Belitung, Penababel.web.id — Berbagai langkah pembenahan tata kelola pertambangan di Provinsi Kepulauan Bangka Belitung (Babel) terus digulirkan pemerintah, termasuk melalui pembentukan Satuan Tugas (Satgas) Penegakan Hukum oleh Presiden. Kendati demikian, dampaknya dinilai belum dirasakan secara nyata oleh masyarakat setempat.
Aktivis Belitung, Pifin Heriyanto, mengapresiasi komitmen pemerintah pusat dalam memperbaiki tata kelola sektor pertambangan. Namun, ia menekankan bahwa keberhasilan reformasi tersebut tidak boleh hanya diukur dari seberapa banyak operasi penindakan yang dilakukan namun juga harus dibuktikan dengan transparansi dari hasil barang bukti yang disita agar diketahui oleh Publik.
"Tata kelola pertambangan memang sudah berjalan, termasuk lewat pembentukan Satgas Besutan Presiden. Namun, hingga kini masyarakat Bangka Belitung belum merasakan perubahan signifikan. Penegakan hukum jangan berhenti pada penangkapan dan penyitaan, melainkan harus menghadirkan manfaat nyata bagi daerah," ujar Pifin.

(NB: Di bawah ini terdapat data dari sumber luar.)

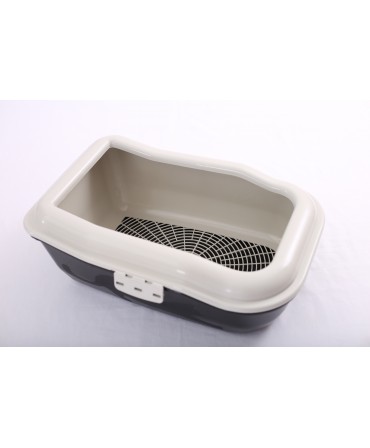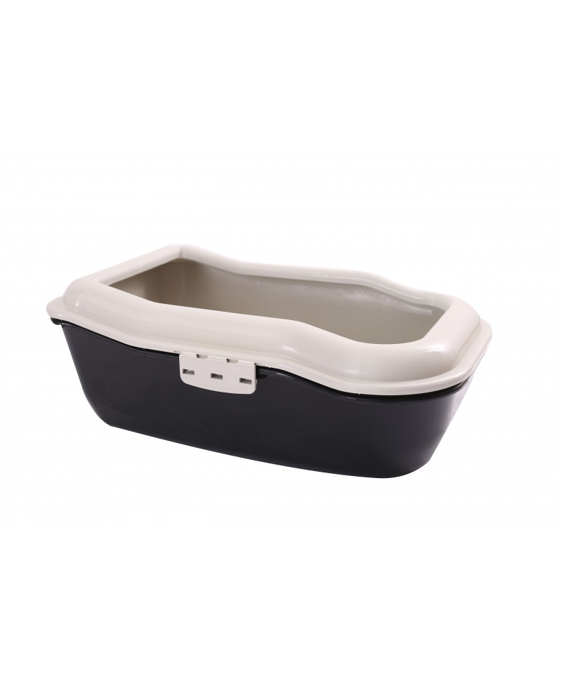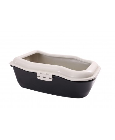 Possui bordas arredondadas para impedir que os gatos se magoem ao entrar ou sair da caixa e para que não caia areia do recipiente.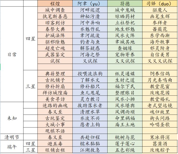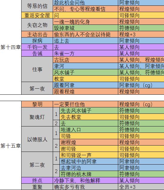 借花献佛,这是之前论坛和微博里太太们做的攻略,再发一次给新来的朋友参考一下。★序章到第15章的攻略(某人倾向是指灶神倾向,这个选项多于2,就会触发死亡结局。意味着如果在“往事”章节想选出司铎以外的选项,那另外三个紫色的选项就不要点错了)★每位男主的日程任务选项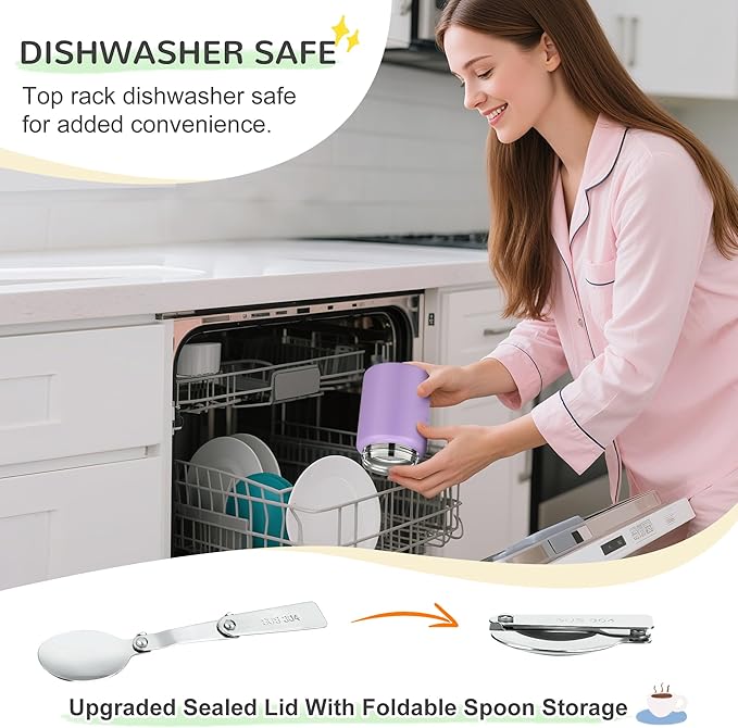 - FOOD-GRADE SAFETY & CPC CERTIFIED - The inside of kids thermo food container is made of high quality 316 stainless steel. Fully compliant with CPC standards to ensure child safe material. Double-layer vacuum insulation design, open lid venting for safe steam release. Durable, care for children's health.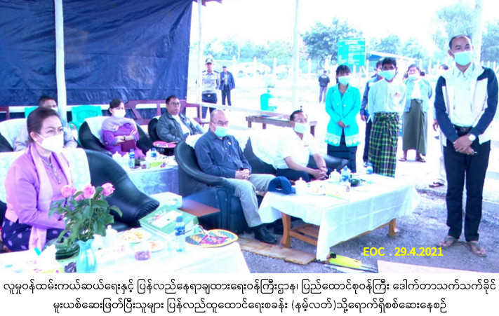 လူမှုဝန်ထမ်းကယ်ဆယ်ရေးနှင့် ပြန်လည်နေရာချထားရေးဝန်ကြီးဌာန၊ ပြည်ထောင်စုဝန်ကြီး ဒေါက်တာသက်သက်ခိုင်သည် ဒုတိယဝန်ကြီး၊ ဦးအောင်ထွန်းခိုင်နှင့်အတူ တာဝန်ရှိသူများလိုက်ပါလျက် ၂၉-၄-၂၀၂၁ ရက်နေ့ ညနေပိုင်းတွင် ရှမ်းပြည်နယ်၊ တောင်ကြီးမြို့နယ်အတွင်း ပြန်လည်ထူထောင်ရေးဦးစီးဌာနလက်အောက်ရှိ မူးယစ်ဆေးဖြတ်ပြီးသူများ ပြန်လည်ထူထောင်ရေးစခန်း (နမ့်လတ်)သို့ရောက်ရှိကြရာ စခန်းအတွင်း ၂၀၂၀-၂၀၂၁ ခု၊ ဘဏ္ဍာရေးနှစ်၊ ဝန်ကြီးဌာနဘတ်ဂျက်ဖြင့် တော်ဝင်ရွှေနန်းကုမ္ပဏီမှ ကျပ်(၂၁၃.၅၀၅)သန်းဖြင့် တင်ဒါအောင်မြင် ဆောက်လုပ်လျက်ရှိသော ပေ၁၀၀xပေ၄၀၊ ၄ ခန်းတွဲ RC နှစ်ထပ်၊ ဝန်ထမ်းအိမ်ရာ ၅၀% ပြီးစီးနေမှုအခြေအနေနှင့် ပိုင်ဖြိုးခန့်ကုမ္ပဏီမှ ကျပ်(၁၂၈.၁၉၉၉)သန်းဖြင့် တင်ဒါအောင်မြင်ဆောက်လုပ်လျက်ရှိသော ပေ၆၀xပေ၄၀၊ RC နှစ်ထပ်၊ စခန်းရုံး(၇၀%)ပြီးစီးကာ လုပ်ငန်းဆောင်ရွက် နေမှုအခြေအနေများကို တာဝန်ယူဆောင်ရွက်နေသည့် ကုမ္ပဏီများမှတာဝန်ရှိသူများက ရှင်းလင်းတင်ပြခဲ့ပြီး ပြည်ထောင်စုဝန်ကြီးနှင့် တာဝန်ရှိသူများက အဆောက်အဦ များရေရှည်တည်တံ့စေရေးအတွက် အရည်အသွေးကြံ့ခိုင်ကောင်းမွန်ရေး၊ သတ်မှတ်လျာထားသည့်အတိုင်း လုပ်ငန်း ပြီးစီးအောင်ဆောင်ရွက်နိုင်ရေးတို့အတွက် အလေးထားဆောင်ရွက်ရန် မှာကြားခဲ့ပြီး လိုအပ်ချက်များကို ညှိနှိုင်းဖြည့်ဆည်းဆောင်ရွက်ပေးခဲ့ပါသည်။

Pifin mengingatkan bahwa Bangka Belitung telah berkontribusi besar sebagai penghasil timah nasional selama puluhan tahun. Di sisi lain, masyarakat lokal harus menanggung beban kerusakan lingkungan yang cukup parah akibat aktivitas eksploitasi tersebut.
Oleh karena itu, ia mendesak agar aset maupun penerimaan negara dari hasil penindakan hukum yang telah berkekuatan hukum tetap (inkracht) diprioritaskan kembali untuk pemulihan daerah.

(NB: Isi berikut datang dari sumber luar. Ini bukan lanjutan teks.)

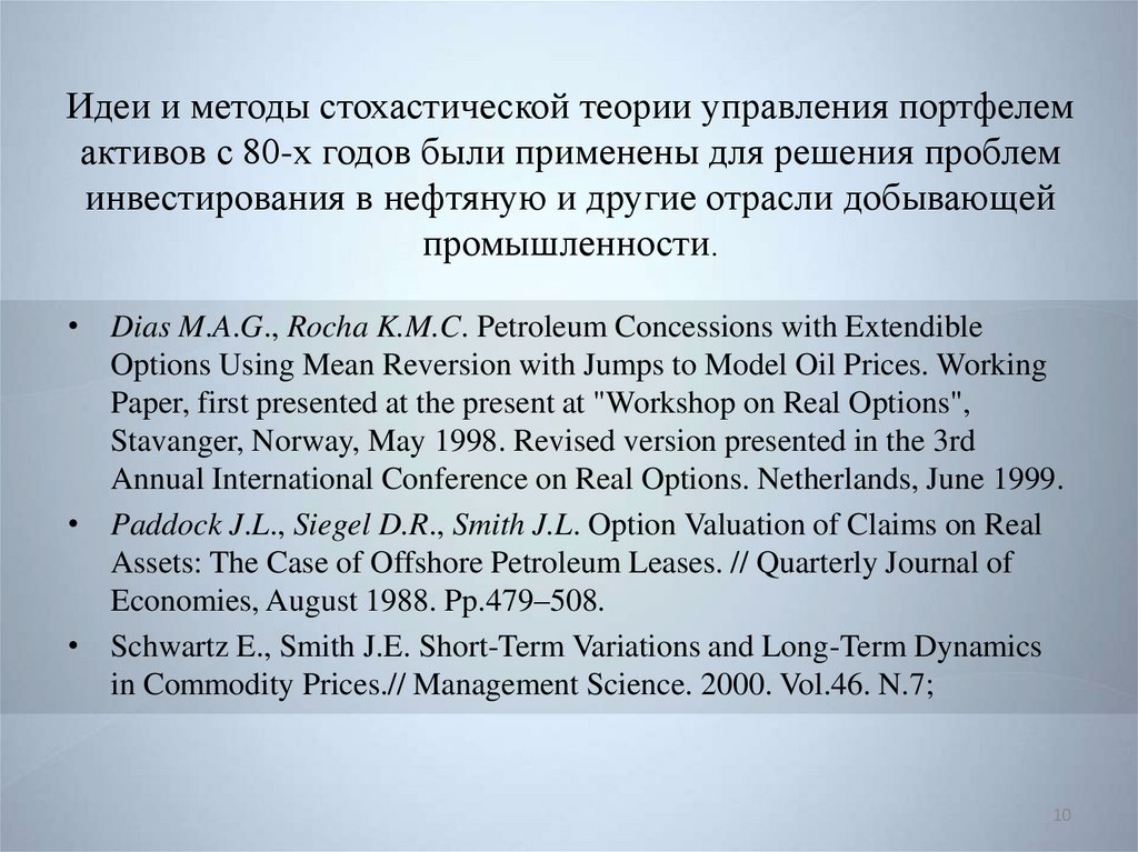 Идеи и методы стохастической теории управления портфелемактивов с 80-х годов были применены для решения проблем

"Sudah seharusnya hasil penindakan Satgas memberikan manfaat balik bagi Bangka Belitung. Jika mekanisme hukum memungkinkan, aset hasil penegakan hukum semestinya dialokasikan untuk reklamasi lahan bekas tambang, rehabilitasi pesisir, hingga program pemberdayaan ekonomi masyarakat," tegas Pifin. (07/08/26).
Selain alokasi manfaat, Pifin juga meminta pemerintah pusat membuka informasi secara transparan terkait perkembangan penanganan kasus, status barang bukti, hingga arah kebijakan pasca-penindakan. Transparansi ini dinilai penting untuk membangun kembali kepercayaan publik.
"Keberhasilan tata kelola pertambangan bukan sekadar angka penindakan kasus, melainkan pulihnya lingkungan, meningkatnya kesejahteraan warga, dan tumbuhnya kepercayaan masyarakat kepada pemerintah," pungkasnya. (**/red).